Like contemporary organizers, they relied on storytelling to build political solidarity and recruit workers to their movement. Storytelling provided a means of transforming household labor: to critique the occupation, but also to imagine domestic work differently. The movement sought to change the character of domestic labor and to bring it recognition. And it did so in multiple ways, including successfully lobbying for amendments to the Fair Labor Standards Act in 1974, which won household workers federal minimum wage protection after nearly forty years of exclusion. Meet three of the women who helped launch this movement:
1. Josephine Hulett: A working mother seeking advancement
Josephine Hulett was a single mother and household worker who formed the Youngstown Household Technicians in 1968. Two years later she became a field organizer for the National Committee on Household Employment, a middle-class organization that was interested in developing a network of domestic worker groups. Hulett traveled around the country sharing her personal story with local organizations and encouraging them to participate in the first-ever national convention of household workers, which took place in 1971. Many household workers identified with the experiences Hulett shared of hardship, mistreatment, efforts at advancement, and juggling work and single motherhood.
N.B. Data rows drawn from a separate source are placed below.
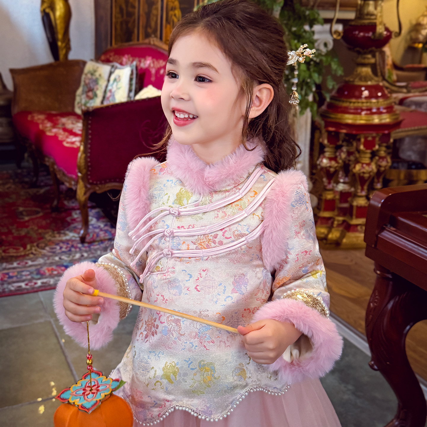 米米哈罗女童旗袍裙冬2025新款儿童唐装拜年服女孩国风加绒连衣裙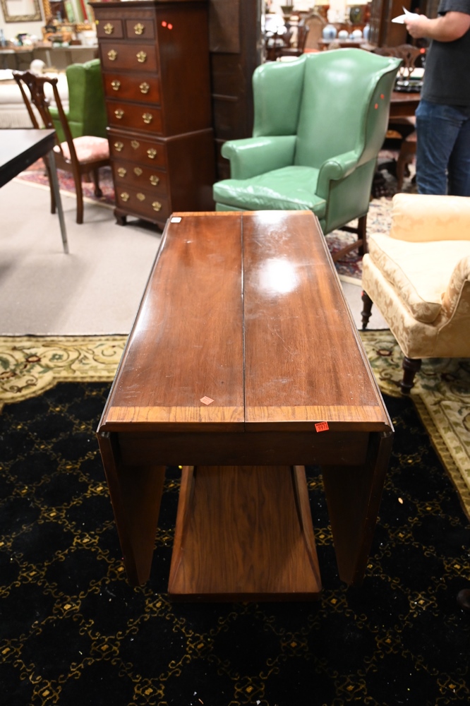 Lot 588: Art Nouveau Style Mahogany Inlaid Dining Table, having banded inlaid drop leaves on pedestal base, height 29 1/2 inches, opens to 45 x 55 inches, closed 19 x 45 inches.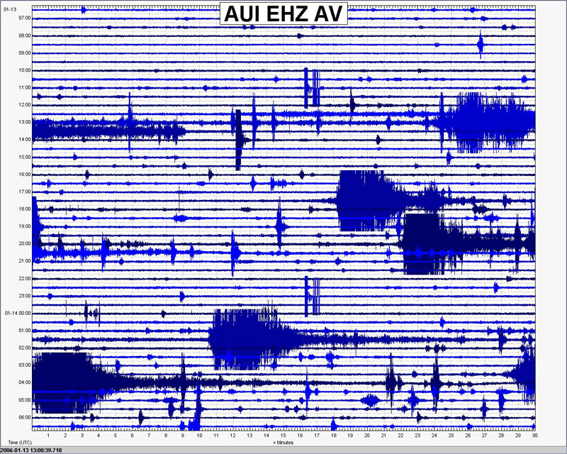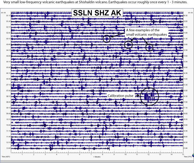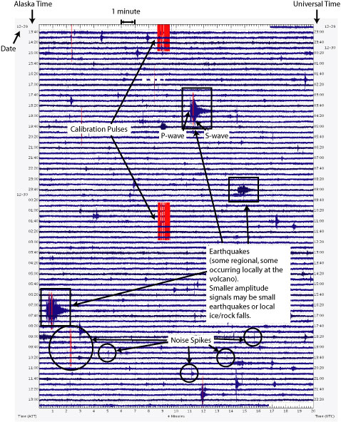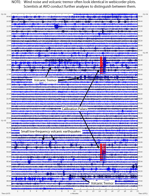 common at Alaska's volcanoes. Even a bear lumbering by will produce a signal. Electrical noise may also appear on the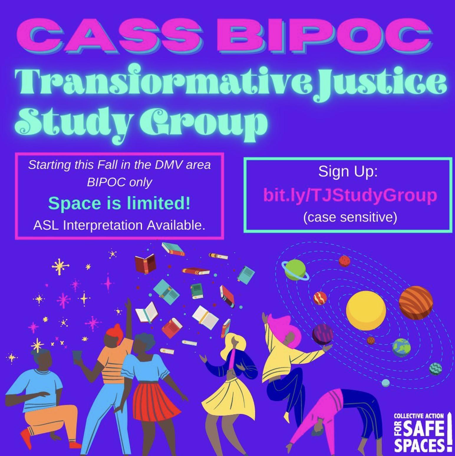 Collective Action for Safe Spaces was a Black trans, queer, and non-binary-led organization that was founded in 2009. The organization started as an anti-street harassment online forum led by volunteers, and grew into a collective of staff members, board members, volunteers, consultants, and coalition members. The organization specialized in public education, cultural organizing, coalition-building, and advocacy to build anti-carceral community safety.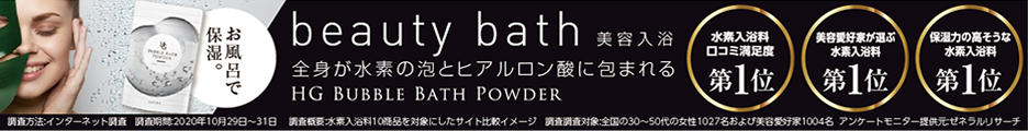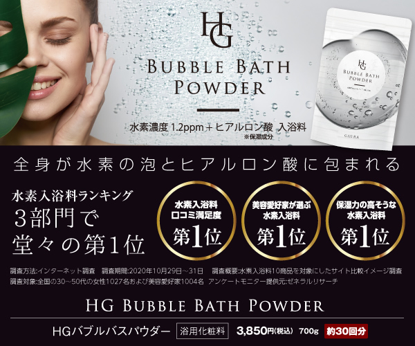 水素入浴剤3部門で堂々の第1位【HGバブルバスパウダー】のバナーデザインです。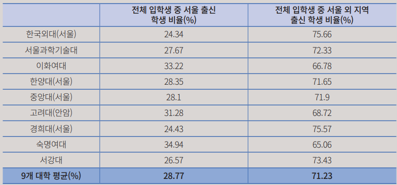 현재 서울 소재 주요 대학의 기숙사 수용률이 적절한지 확인하기 위해 각 학교의 서울 출신 학생 비율을 살펴봤다.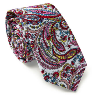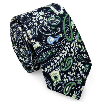 The paisley skinny tie pattern is a timeless design featuring an intricate teardrop-shaped motif with ornate details. Originating from Persian and Indian designs, this pattern is characterized by swirling, leaf-like shapes that often include floral elements. Paisley skinny ties are typically vibrant, with rich color combinations, making them a standout accessory that adds a touch of sophistication and elegance to any outfit.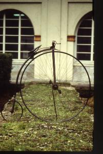 Biciclo da corsa con telaio tubolare in ferro e forcella in lamiera. Un piccolo paracosce, costituito da un telaietto in metallo originariamente rivestito da una striscia di pelle, è sistemato al di sopra della ruota anteriore, a protezione delle gambe del guidatore durante le curve. Una predellina situata nella parte posteriore destra del telaio consente di montare sulla sella, sistemata su una balestra fissata sul telaio; la sella è in pelle, leggermente imbottita. Il piccolo manubrio ribassato presenta manopole in legno. Il biciclo è provvisto di freno a pattino agente sulla ruota anteriore, comandato a bacchetta da una leva sul manubrio. Il funzionamento si basa su due pedali registrabili in metallo, applicati alla ruota anteriore. Il biciclo poggia su due ruote di dimensioni diverse, predisposte per battistrada in gomma piena; le ruote, di dimensioni differenti, sono entrambe dotate di raggi tangenti.

As a high school dropout with few job opportunities, Hulett turned to domestic work to support herself. Because she couldn’t afford paid child care, she left the baby with her ex-husband’s family during the day, and ventured out from her home in Girard, Ohio, near Youngstown, in search of day work. At her first job she earned $25 a week for five and a half days. She paid eighty cents for bus fare, walking two and a half miles each way to avoid paying for an additional bus. Her employer’s husband owned a produce company, yet she was given only a hot dog for lunch every day. She cared for four young children and cleaned a large house from top to bottom. Although she frequently worked late, she was never paid for overtime.
One day, when she left thirty minutes early to take her son to the doctor, her employer docked her pay. The next day she left at five o’clock and informed her boss she would never work overtime again. The following week, she was fired.